WEFLYは設立されてまだ日が浅いeVTOLメーカーだ。中心メンバーは海外の有名な航空機メーカー出身者で構成され、それぞれが航空機の世界的プロジェクトの耐空証明取得を主導し、米連邦航空局(FAA)や欧州航空安全機関(EASA)の型式証明や製造証明を取得した経験を持っている。
同社が製造するのは飛行機であって、いわゆる空飛ぶクルマとは異なる。100%電動で垂直に離着陸し、従来の内燃機関を動力とする固定翼の飛行機とは違って滑走路は必要としない。また、一般的なマルチコプターと比べると音が静かで航続距離が長いため、都市エリアの飛行や都市間を結んでの運行も可能だ。ビルの屋上や駐車場で離着陸ができ、運用コストはとても低い。
WEFLYはeVTOLについて、中国のマーケットサイズと新エネルギー技術の成熟度を考えると、中国が欧米と同じスタートラインに立つことができるまたとないチャンスだと捉えている。さらに政府の政策支援があれば、ゆくゆくは世界でも上位のメーカーになれることは間違いない。
WEFLYは早い時期にスタートを切ったこともあり、短期間で実行力やアイデアが世界一流レベルのプロジェクトチームを作り上げることを目指している。強力なチームと信頼性の高い技術力が手に入れば、安全性が高く耐空証明の基準をクリアする有人航空機を設計・製造できる。中長期的には、有人のeVTOLを運用して、空飛ぶ電動シャトルバスを実現するというビジョンを描いている。
技術面では、幾度となく実験で確認されている技術を採用するという。
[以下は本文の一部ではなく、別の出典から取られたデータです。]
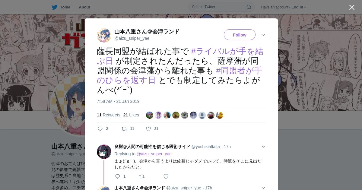 取得元URL: https://twitter.com:443/aizu_sniper_yae/status/1087378961384914945
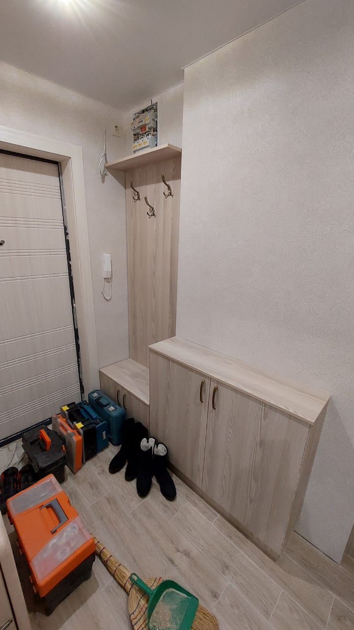 Для монтажа можно выбрать любой свободный угол, лучше ближе к выходу из квартиры. Особенность материала ЛДСП, из которого выполнен комплект – невосприимчивость к температурным перепадам и влажности, износу и нагрузкам. Деревянный декор в этом случае светлый и лаконичный, не имеет дизайнерских излишеств и ненужных деталей. Можно удачно сочетать такой входной элемент с любым стилем в квартире: лофт, минимализм, прованс, классический или скандинавский.
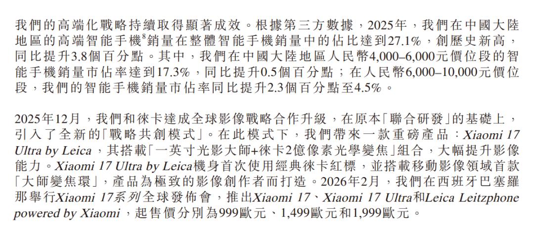 并且,由于核心零部件涨价( 财报中并没有具体阐述,大概率为内存 ),小米手机的毛利率已经从 10% 以上降到 8.3%,就没想着赚你钱。而在 2026 年,内存价格进一步上涨,小米处于千元机的价格带,还会进一步受到打击。
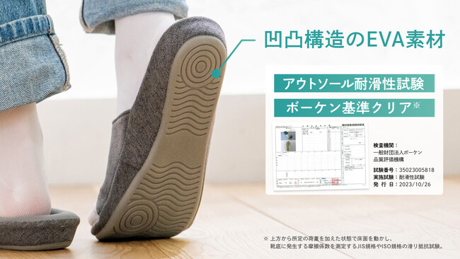 アウトソールの凹凸模様のEVA素材は適度なグリップ力があり、滑りやすいフローリングでもつまづきにくく、歩きやすいのが特長です。滑りにくさを測定する耐滑性試験ボーケン基準もクリアしています。
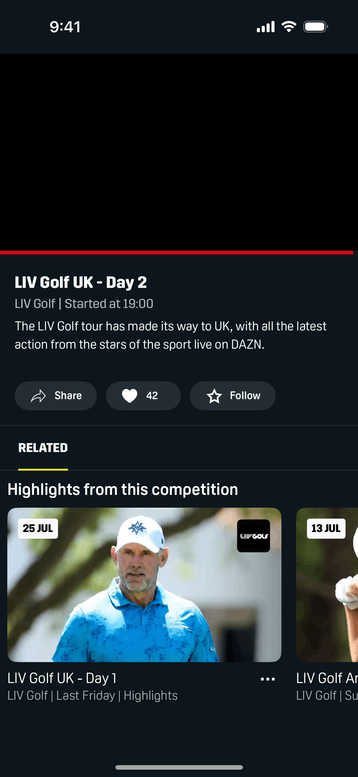 The user views a live event and then likes the event. The like count increases after the user interaction.

WEFLYは「どの技術を選ぶかはそれほど重要ではなく、メーカーとしてユーザーの要求に応じて最適な製品を作ることが求められる。eVTOLの肝は技術のブレイクスルーではなく、新しいシステムと伝統的システムの融合にあり、都市エリアの飛行や点と点を結ぶ都市間の移動という目的に合わせた技術を選んだ」と語った。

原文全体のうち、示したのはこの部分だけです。